_Goal of the exercise_:
Print the listing exactly as it stands. Skip every picture.

_Data shown_:

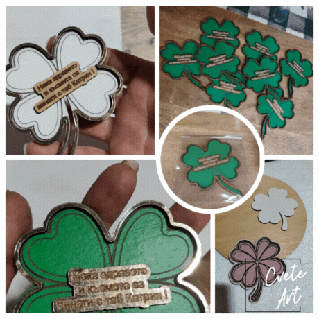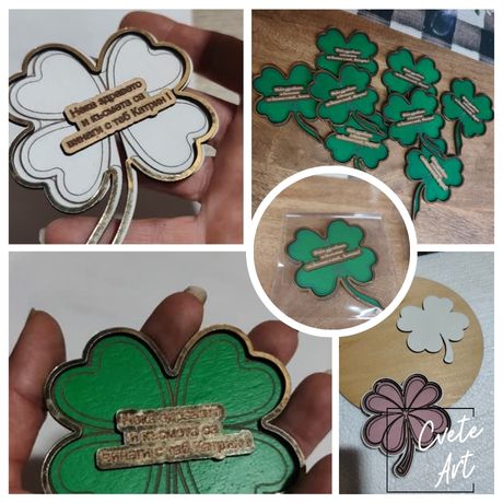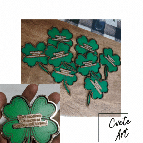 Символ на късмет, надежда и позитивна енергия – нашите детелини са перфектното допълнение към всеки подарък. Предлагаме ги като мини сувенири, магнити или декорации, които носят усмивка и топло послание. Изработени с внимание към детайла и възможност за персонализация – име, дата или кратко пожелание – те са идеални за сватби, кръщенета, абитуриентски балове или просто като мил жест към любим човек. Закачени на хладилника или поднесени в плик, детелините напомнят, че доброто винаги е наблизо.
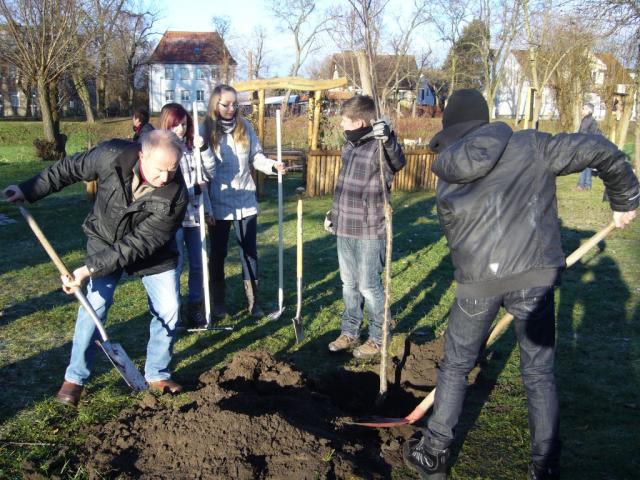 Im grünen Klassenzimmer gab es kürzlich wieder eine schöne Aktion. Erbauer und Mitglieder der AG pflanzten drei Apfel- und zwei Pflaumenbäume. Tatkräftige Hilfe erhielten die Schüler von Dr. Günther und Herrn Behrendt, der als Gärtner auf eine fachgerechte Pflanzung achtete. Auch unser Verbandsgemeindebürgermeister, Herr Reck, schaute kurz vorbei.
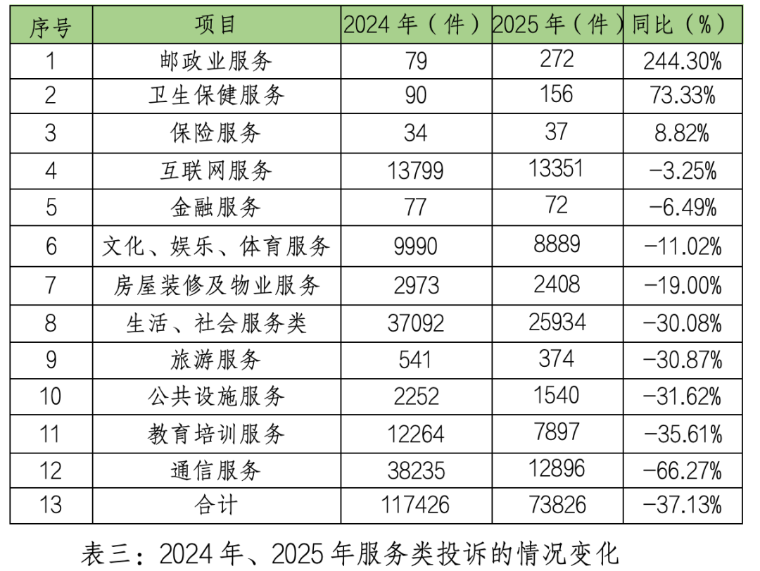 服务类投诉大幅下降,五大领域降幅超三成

_Solution for this problem_:
 Символ на късмет, надежда и позитивна енергия – нашите детелини са перфектното допълнение към всеки подарък. Предлагаме ги като мини сувенири, магнити или декорации, които носят усмивка и топло послание. Изработени с внимание към детайла и възможност за персонализация – име, дата или кратко пожелание – те са идеални за сватби, кръщенета, абитуриентски балове или просто като мил жест към любим човек. Закачени на хладилника или поднесени в плик, детелините напомнят, че доброто винаги е наблизо.
 Im grünen Klassenzimmer gab es kürzlich wieder eine schöne Aktion. Erbauer und Mitglieder der AG pflanzten drei Apfel- und zwei Pflaumenbäume. Tatkräftige Hilfe erhielten die Schüler von Dr. Günther und Herrn Behrendt, der als Gärtner auf eine fachgerechte Pflanzung achtete. Auch unser Verbandsgemeindebürgermeister, Herr Reck, schaute kurz vorbei.
 服务类投诉大幅下降,五大领域降幅超三成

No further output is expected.